* [Directions]:
Only one stretch of the data should be retyped: the lines from the line containing "Kostyrevskaya Tower of the Smolensk Kremlin" through the line containing "Bensberg City Hall". Keep pictures out of it.

* [Data extracts]:
=== Section Start ===
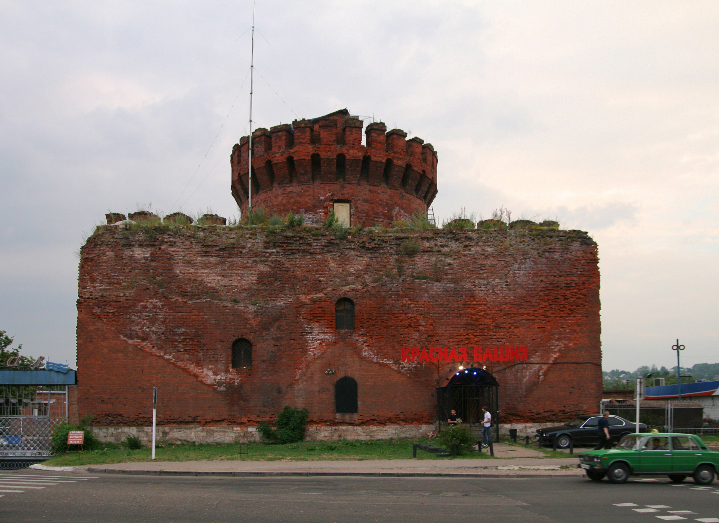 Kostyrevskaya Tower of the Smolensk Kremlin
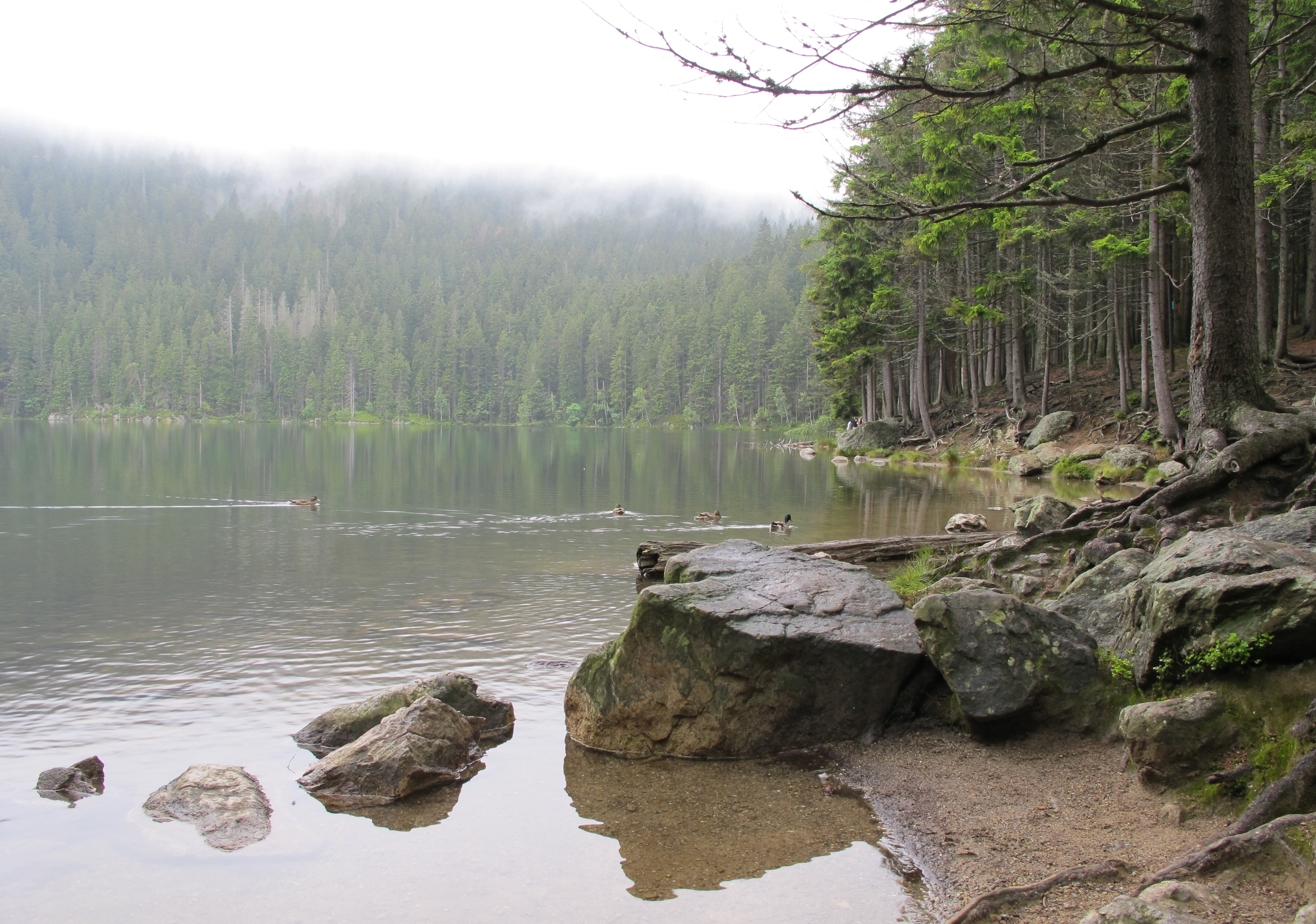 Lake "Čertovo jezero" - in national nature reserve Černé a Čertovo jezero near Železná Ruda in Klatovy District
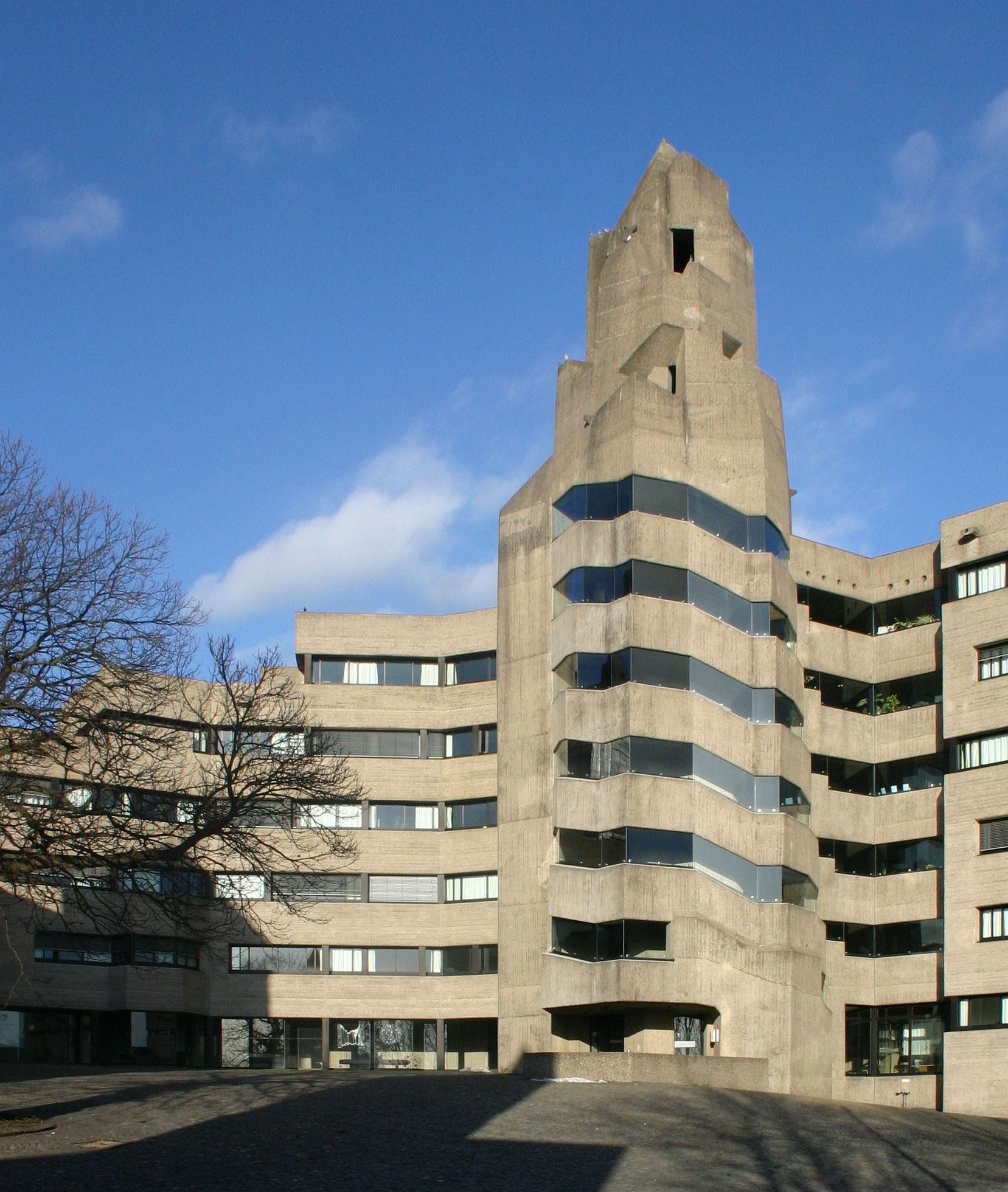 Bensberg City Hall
=== Section End ===
=== Section Start ===
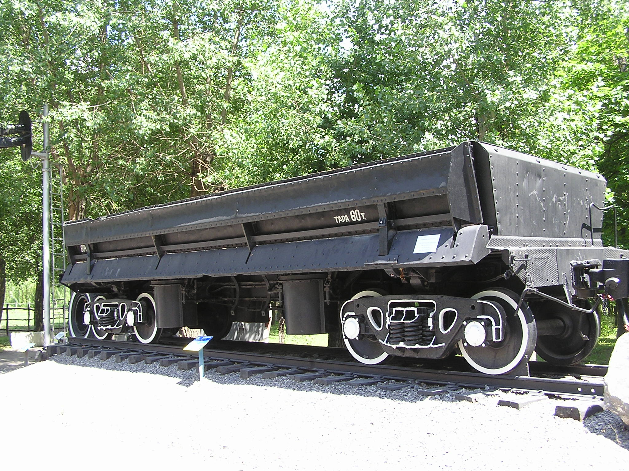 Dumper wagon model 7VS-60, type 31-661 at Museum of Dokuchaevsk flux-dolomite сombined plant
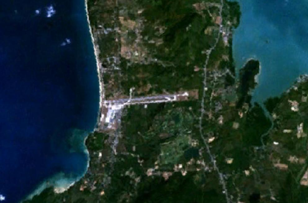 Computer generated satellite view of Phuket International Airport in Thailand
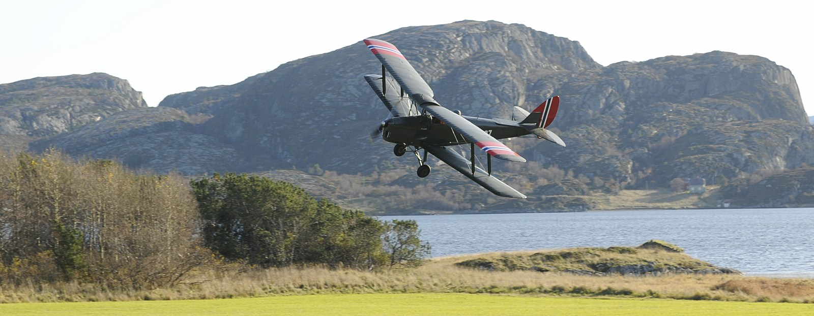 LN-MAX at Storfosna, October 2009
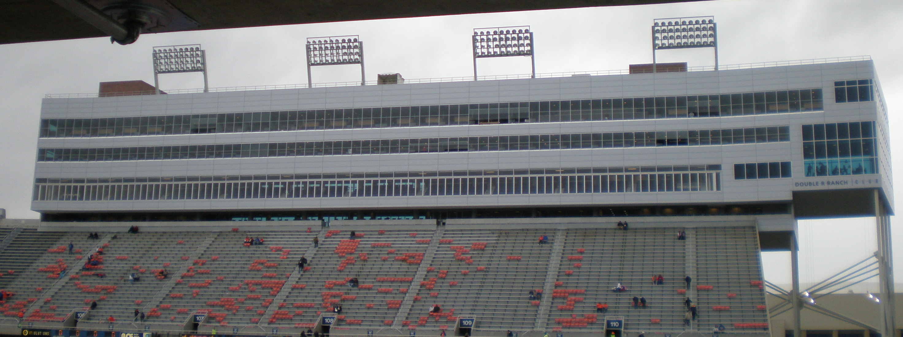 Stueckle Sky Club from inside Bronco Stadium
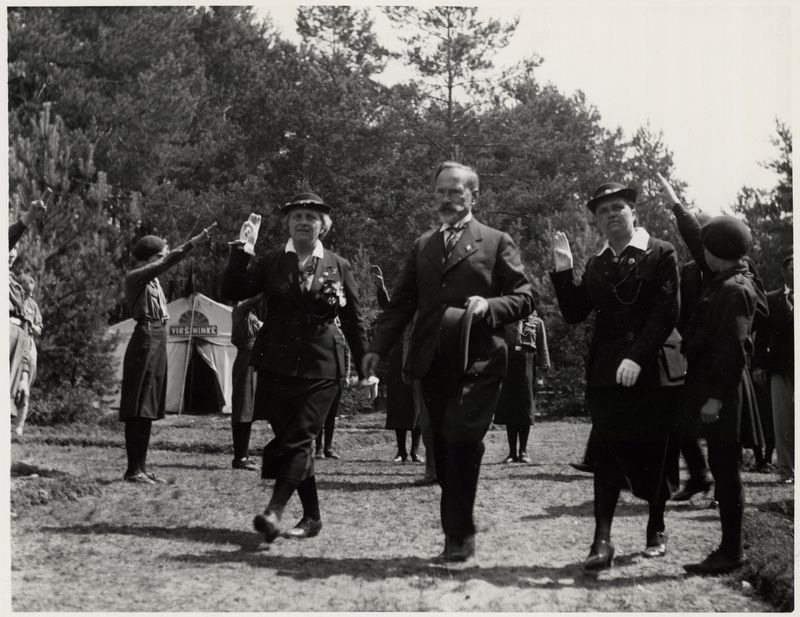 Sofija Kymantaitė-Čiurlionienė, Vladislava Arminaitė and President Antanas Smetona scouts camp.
=== Section End ===
* [Response]:
 Kostyrevskaya Tower of the Smolensk Kremlin
 Lake "Čertovo jezero" - in national nature reserve Černé a Čertovo jezero near Železná Ruda in Klatovy District
 Bensberg City Hall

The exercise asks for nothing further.